Deze nieuw aangegane verplichtingen voor beschikbaarstelling van logistieke hulp zijn in feite omvangrijker dan een vergroting van het totaal volume van deze verplichting. Twee redenen liggen hieraan ten grondslag. Thans wordt de nadruk gelegd op hulp aan gebieden waar de nood het hoogst is. Voorheen werd op grond van het Voedselhulpverdrag van 1995 de omvang van de geboden hulp afgeleid van het volume – het voedsel in tonnages – maar dit leidde tot een prioritering van voedselhulp aan gebieden die waren te bereiken door middel van lage transportkosten. Voorts waren donoren in het verleden niet altijd, in aanvulling op de beschikbaarstelling van het voedsel zelf, bereid ook de benodigde logistieke kosten op zich te nemen. Bovendien leert de recente praktijk dat ingeval van omvangrijke nood, de daadwerkelijke hulp de minimumverplichting die voortvloeit uit het verdrag overtreft.

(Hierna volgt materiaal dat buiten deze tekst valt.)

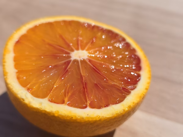 このブラッドオレンジの赤はアントシアニンの赤なのでブルーベリーなどと同じ抗酸化作用をもった色素になります。
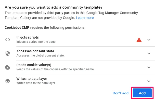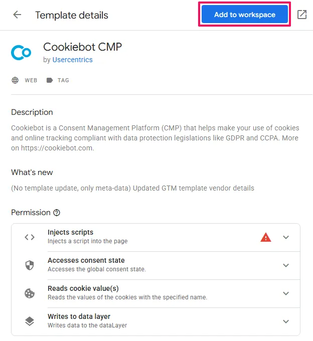 - Look for an “Update Available” indicator on the Cookiebot CMP template
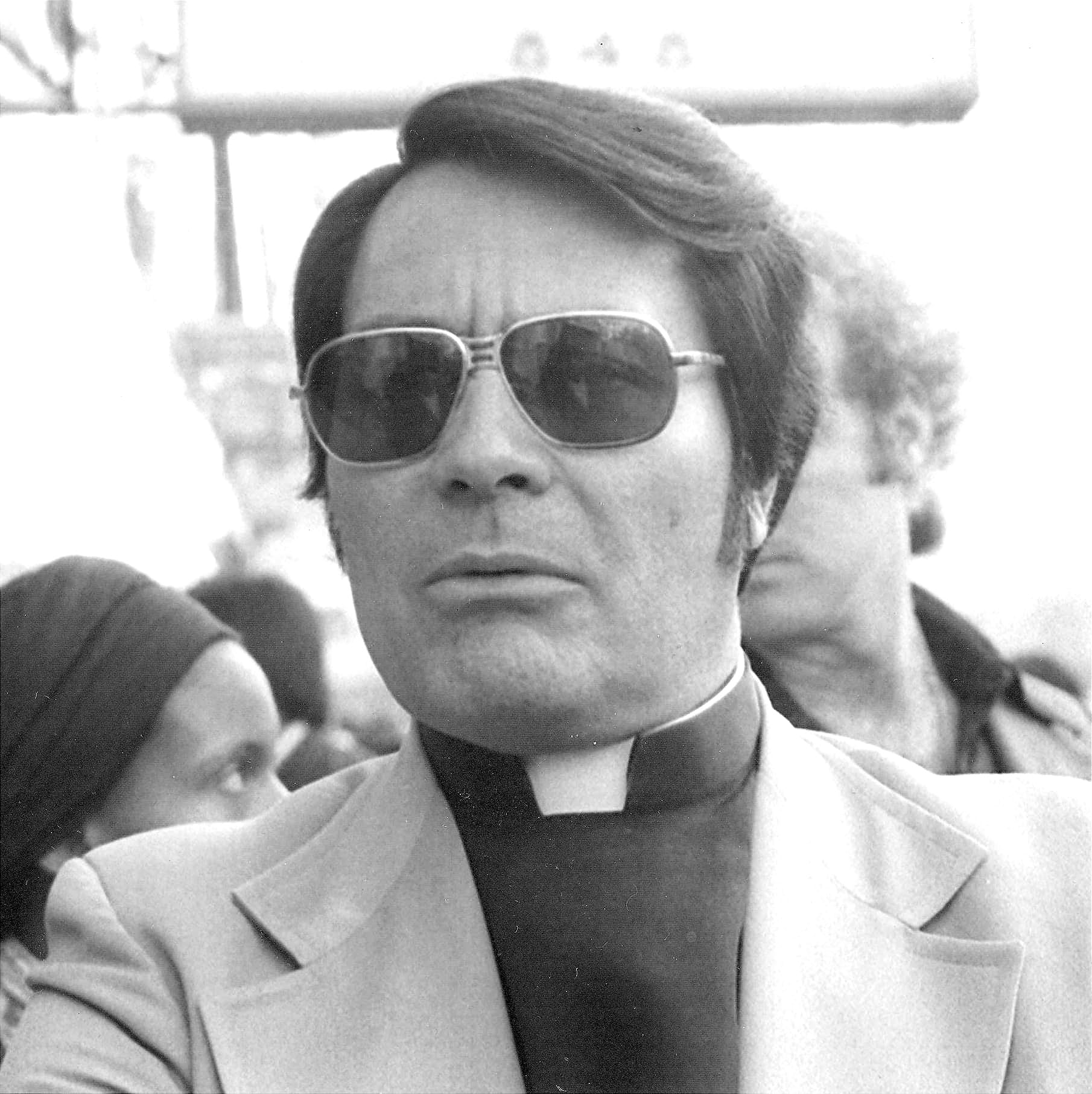 Jones’s signature aviator sunglasses may have once been a fashion statement, a hip priest amongst the Bay Area kids, but now he never seems to be without them as an increasing amphetamine and tranquilizer dependency has permanently shaded the areas under his eyes.
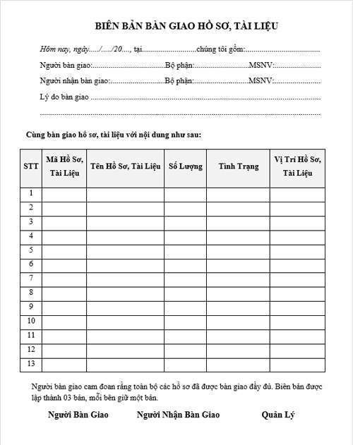 Nội dung bàn giao cũng cần được mô tả chi tiết, cụ thể, như tên hồ sơ, số lượng, đặc điểm nhận dạng, tình trạng hiện tại của hồ sơ nhằm tránh nhầm lẫn hoặc tranh chấp sau này. Ngoài ra, trong sổ giao nhận nên có phần cam kết trách nhiệm của cả hai bên, thể hiện rõ nghĩa vụ bảo quản và sử dụng hồ sơ đúng quy định. Cuối cùng, việc ký xác nhận của người bàn giao, người nhận và nếu có thể là người làm chứng sẽ giúp sổ giao nhận có giá trị pháp lý vững chắc hơn, đảm bảo quyền lợi và trách nhiệm cho các bên liên quan.
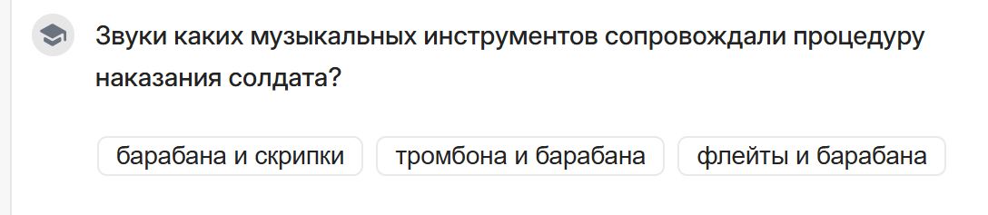 Известно, что для сопровождения наказания солдата использовались звуки барабана, чтобы создать атмосферу строгости и дисциплины. Другие инструменты, такие как скрипка, тромбон и флейта, обычно не ассоциируются с этой процедурой.
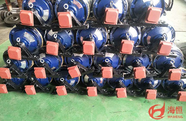 (9)滾體包膠的內置式電動滾筒,電動功率要提高一檔。
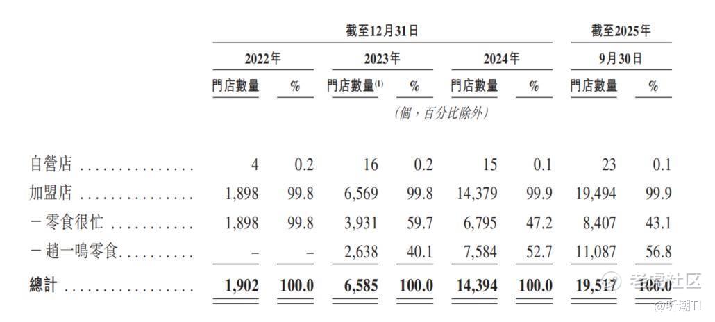 核心是加盟,而不是直营。鸣鸣很忙在招股书中反复强调,业务发展“依赖于与认同我们价值、共同发展品牌及门店网络的加盟商合作”。在往绩记录期间,门店网络几乎完全由加盟店构成,公司自营店仅为战略性用途,不承担主要规模。
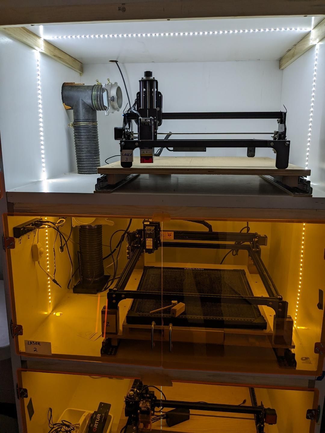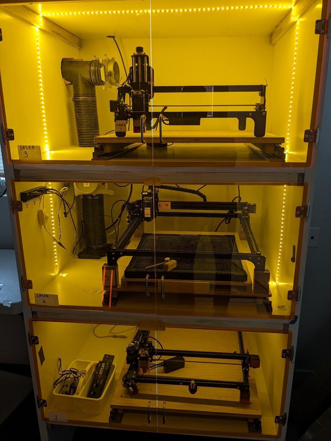 here is the laser cabt, done with exception of the exterior exhaust hookup, go figure i grabbed 5 inch flex pipe instead of 4'' at the home dip joint, silly me, oh well, but five min and its underway, have one awesome laser that fried the main board, am having issues with the chinese supplier on getting correct one, gonna give it one more chop chop and then go for a new one.
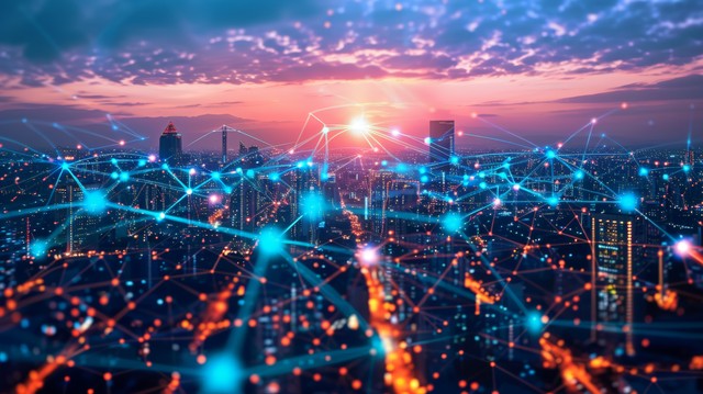 网络节点,现代创意的网络节点在智慧城市中互联,在5G和无线技术的先进数字连接中

De verlaging met 455 000 ton is met name het gevolg van het besluit van een aantal EU-lidstaten om in aanvulling op een geldelijke verplichting geen minimumtonnage op te geven. Nederland heeft wel een minimumtonnage aangegeven. Dit is gedaan vanwege de verwachtingen die bestaan ten aanzien van lage inkomenslanden die voedsel importeren. Deze landen verwachten dat deze inspanningsverplichting standhoudt, mede gezien de in de preambule vastgestelde besluiten te Marrakesh en Singapore ten behoeve van deze categorie landen.

Een overzicht van de samenstelling van de bijdrage van de Europese Unie is bijgevoegd. De hoogte van het daarin opgenomen communautaire deel heeft geen consequenties voor de begroting voor voedselhulp van de Europese Commissie.

De Nederlandse jaarlijkse bijdrage bedraagt 25 miljoen Euro, bestaande uit produktkosten en bijbehorende logistieke kosten. De eigenlijke voedselhulpbijdrage die is vastgesteld op 49 700 ton, is in genoemd bedrag opgenomen. In tonnen is de Nederlandse verplichting vrijwel gehandhaafd op het niveau van het verdrag van 1995. De voorziene Nederlandse bijdrage ligt ruim binnen de omvang van de voedselhulp die de afgelopen jaren is verstrekt.

Momenteel wordt door Nederland voedselhulp verleend op grond van de overeenkomst van Nederland met het Wereld Voedsel Programma. Dit is een vrijwillige bijdrage, die niet berust op verdragsverplichtingen en die kan worden beschouwd als een unilaterale inspanning die vooruitloopt op verplichtingen die voortvloeien uit dit verdrag.

Koninkrijkspositie

Het verdrag zal, evenals de Internationale Graanovereenkomst 1995, alleen voor Nederland gelden.

De Minister van Landbouw, Natuurbeheer en Visserij,

L. J. Brinkhorst

De Staatssecretaris van Buitenlandse Zaken,

D. A. Benschop

De Minister voor Ontwikkelingssamenwerking,

E. L. Herfkens

De Minister van Financiën,

G. Zalm


XNoot
1

Ter inzage gelegd bij de afdeling Parlementaire Documentatie.